Женщины-заключенные помоложе ходили стирать белье, их водили и на другую работу в город, а старушки и не судимые еще, как я, драли пух за длинным деревянным столом в пустой и почти ледяной комнате. Весна в тюрьму проникала медленно. Койка была твердая, ребристая, и дерюжка, которую мне выдали укрываться, — холодная и жесткая. В этом монастыре было два этажа, где сидели мужчины, и вечерами оттуда порой раздавалась неимоверная брань надзирателей, из которых особым зверством отличался некий Зоубек. Отличался он и ненавистью персонально ко мне. В монастыре были подземные ходы, по которым, рассказывали женщины, бродят ночами тени повешенных немок и немцев, и потому так орут надзиратели и визжат заключенные женщины, которых за какой-то проступок, а то и без, волокут туда в карцер...
Когда нас привезли в Писек, следователь на второй же день прочитал нам обвинительный акт, на основании которого Советы потребовали от Чехословакии нашей выдачи. Тут я с ужасом узнала, что мы с мужем «военные преступники», согласно той «красноречивой» советской бумажке, чуть ли не ответственные за весь ход войны и ее начало! Это было нечто настолько несерьезное, что нельзя было не засмеяться. Выступавшая против гитлеризма всеми средствами, всей силой своего пера, я спокойно смотрела на эту ложь, что бы они на меня ни вешали — написанное мною оставалось документальным свидетельством о моих действиях. Только потом я поняла, что подобные методы они применяют преимущественно по отношению к идейным противникам; к тем, кто помогал немцам уничтожать Белорусов, относились куда более доброжелательно!
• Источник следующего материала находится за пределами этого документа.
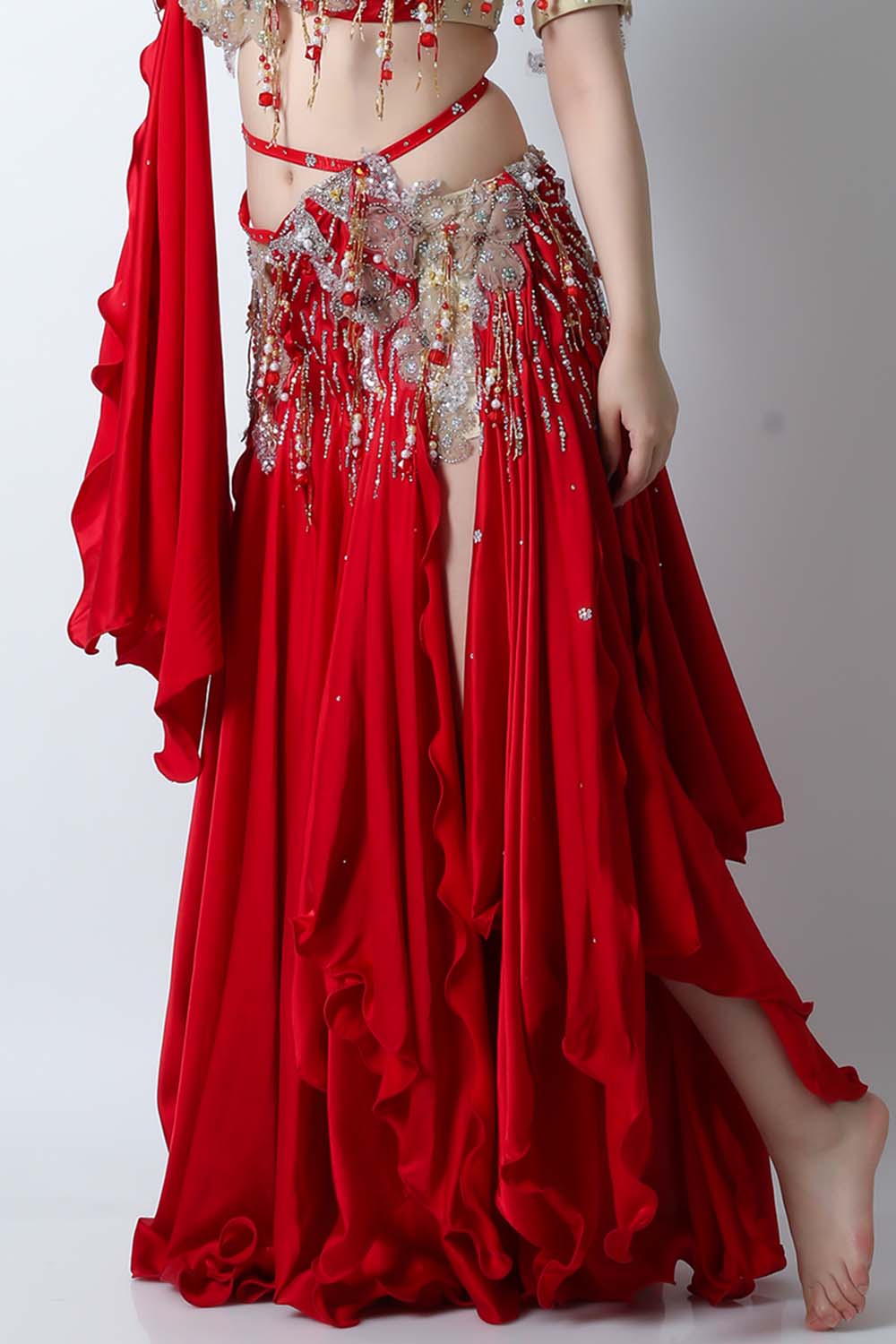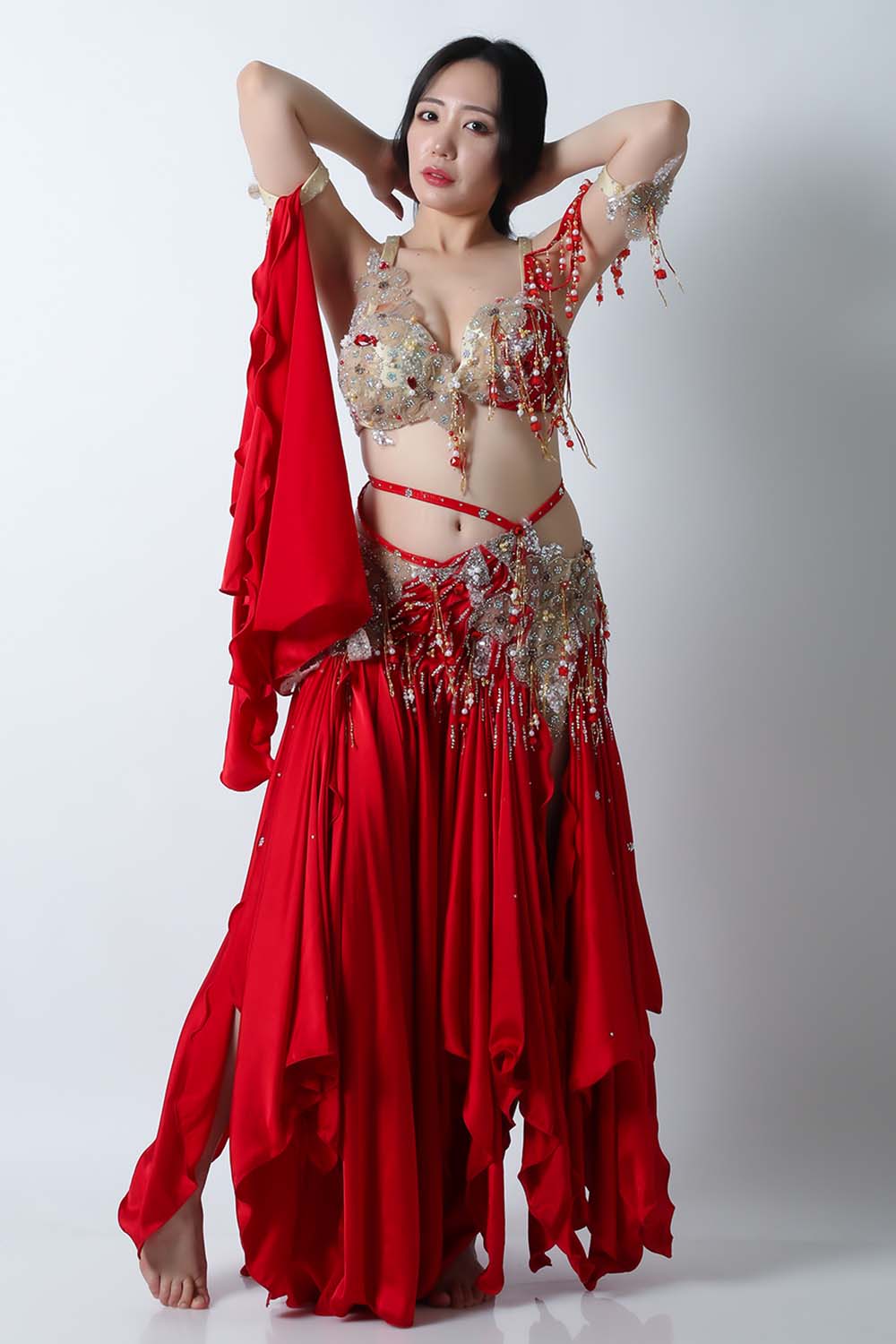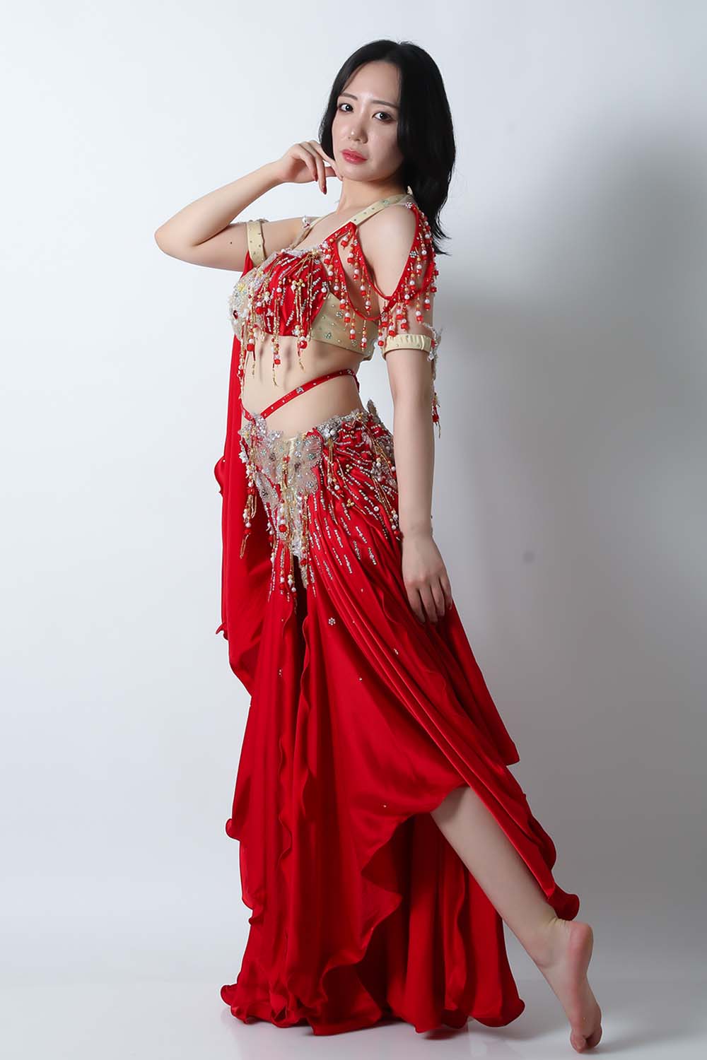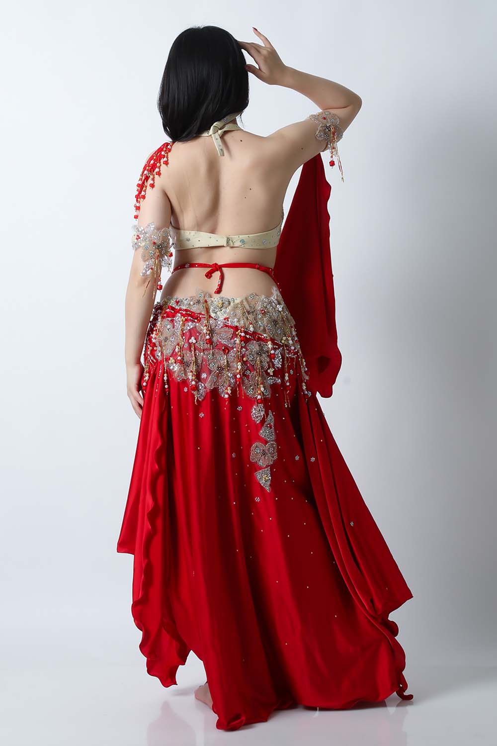 人気のデザイナーHoydaのエジプト製ベリーダンスコスチュームです。人気の赤単色の衣装です。ぱっと目を引きますので舞台映えすること間違いなしです。パールモチーフの装飾が多数施されています。スカートはインナーショーツも縫い付けられていますので安心です。ブラ、スカート、アームバンド(2本)のセットです。

Доверяли им, ставили в лагерях держимордами, доносчиками... Я написала заявление в область, объясняя, что все это ложь, и если, как заявили Чехи, за нами не было никакой вины по чешским законам, а мы были чешскими гражданами, то как же и зачем выдавать нас чужому государству? Из области мне ответили, что они не компетентны решать этот вопрос, передали полный текст советской телеграммы или телефонограммы о нашей выдаче и посоветовали обратиться в высшую инстанцию, кажется, в верховный суд, что я немедленно же и сделала.